I thought it may come at some point, I mean no child is perfect, although I always feel my children are. I wasn’t sure what form it would come in. The greatest fear was that it would be drugs. I had a plan for that. I would re mortgage my house and get them in the best treatment program ever. I wondered what would happen if that didn’t take and funds ran out. I knew then I would have to let them go and hope they returned alive and not broken beyond repair. That would hurt, it would be devastating.
I thought it may come in the form of just simply moving away to college or a job and that may happen yet. He is young. I would miss them, it would be difficult.

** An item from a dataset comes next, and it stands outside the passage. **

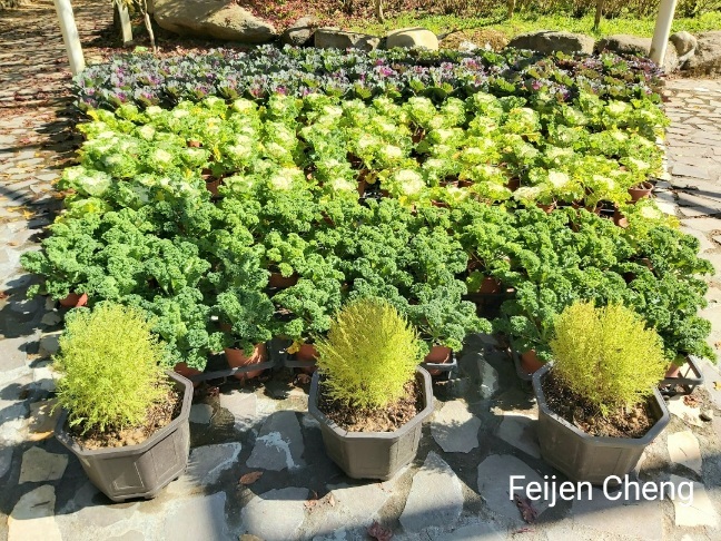 三盆綠色波波草與外觀像高麗菜的葉牡丹

I thought it would come in the form of a girl. Actually, I was sure it would be a girl. When you are the most important female in their life for the first 18 years and along comes a girl, any girl, there is going to be trouble.
Now, if, she is the perfect girl, that I love and he does too and of course she loves me, then problem diverted. But just like us ladies we are going to kiss a lot of frogs before we find the prince.
The problem is boys are going to kiss the girls and put their moms on the back burner while doing so. And as a Mom you are going to see all the wrong frogs for your son and there is nothing you can do about it. But yet, what you do is get angry with your son.
You see things they can’t and you try to communicate it to them. You get angry because what feels like all of the sudden their priorities are all messed up. They say things to you that you are sure are the words of the “girlfriend”. It all comes to a head and you realize you have lost, you have lost. You have lost influence over their lives. Okay, maybe, let me try to call it what you are thinking, you have lost control. I can’t just tell him what to do and he will do it. He use to be so compliant. Now, he fights me, it feels like at every turn, every direction. AND NOW he is OLD ENOUGH TO ACTUALLY CALL ME OUT! WTF!
You invest every cell of your being into a child ( your children) and you love them so much. And now you are so angry with their choices and decisions and at the same time you are trying to protect them from making mistakes, emotional ones, educational ones, financial ones. And you are just left feeling hurt as they get in the car that you bought them to spend Father’s Day with another family.
You want to say “I gave up my life for you, I live for you. Every decision I ever made, I thought about your best interest” AND now I am the mean Mom, the not understanding Mom, the Mom who doesn’t get it, the Mom that rides your ass, the Mom who speaks with attitude. “ Do you hear yourself?”, he says to me “This is the reason I don’t want to be here”. <heart stab, stab, stab> My son doesn’t want to be with me. It hurts. It fucking hurts.